Der Fall geht vermutlich vor das Arbeitsgericht

Im Gemeinderat löste der Beschlussvorschlag eine heftige Debatte aus, wie es heißt, denn viele Stadträte befürchten, dass die Stadt mit der Kündigung vor dem Arbeitsgericht Schiffbruch erleiden wird, weil die Vorwürfe gegen den Mann in keiner Weise bewiesen sind. Einen Aufhebungsvertrag hat dieser bereits abgelehnt. Die Verwaltung geht deswegen davon aus, dass er gegen die Kündigung klagen wird.

Manche Stadträte hätten es lieber gesehen, die Verwaltung hätte den Mann selbst angezeigt, ihn dann vom Dienst freigestellt und zunächst das Ergebnis der Ermittlung abgewartet. Hätte sich der Verdacht erhärtet oder hätte ihn sogar ein Gericht für schuldig befunden, hätte man ihn immer noch entlassen können, sagten sie. Andere Stadträte argumentierten indes, die Vorwürfe seien so schwerwiegend, dass man nicht einfach habe abwarten können. So stimmte am Ende trotz der Zweifel eine Mehrheit von 19 Räten dem Ansinnen der Verwaltung zu. Zehn Stadträte enthielten sich, zwei stimmten mit „Nein“.

Kommentar: Vorschnelles Urteil

Unfair - Man darf niemanden bestrafen, dessen Schuld nicht bewiesen ist. Punktum! Statt diesen wichtigen Rechtsgrundsatz einzuhalten, ist die Göppinger Stadtverwaltung nach den Vorwürfen einer Auszubildenden gegen einen Mitarbeiter in Aktionismus verfallen und hat den Mann – mit der Zustimmung des Gemeinderats – fristlos gekündigt. Damit hat die Stadt selbst Unrecht begangen.

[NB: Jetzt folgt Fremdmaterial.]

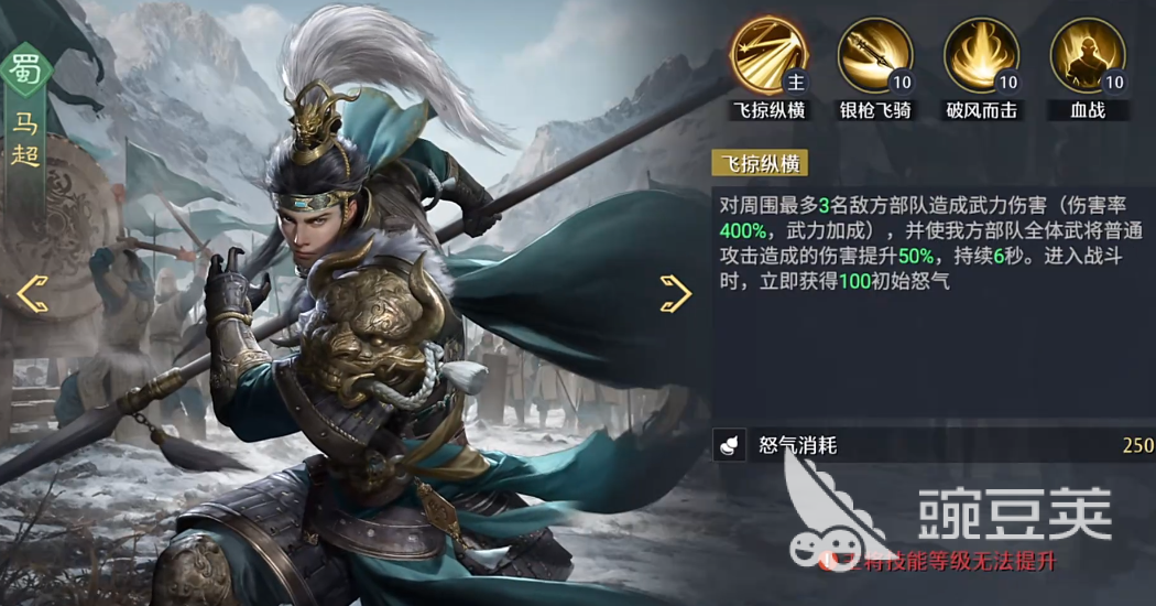 马超是蜀国阵营里的角色,自身的战斗能力非常强,可以利用四项攻击能力给对方带来伤害,每次挑战的时候,能给同时三名成员带来伤害,这种群攻角色非常适合玩家各个阶段,可以选择把它和其他的几个蜀国阵营角色组成五虎队,首先就是把马超和关羽,张飞搭配在一起,这几个角色都有重击伤害能力,组合起来之后可以保证队伍的输出,马超能在游戏里产生多段伤害,关羽可以作为主将,搭配上张飞能保证整个队伍的均衡,不管是哪种类型的战役,都能利用角色的战力快速输出。

Der Mann soll eine junge Frau sexuell belästigt haben. Die Kündigung untermauert den Vorwurf und bestraft ihn, ohne dass es einen Beweis oder wenigstens eine Anzeige und Ermittlungen gibt. Doch eine solche Kündigung wird wohl vor einem Arbeitsgericht nur schwer Bestand haben. Der gute Ruf des Mannes aber ist ruiniert. Ob zu Recht oder Unrecht, weiß niemand.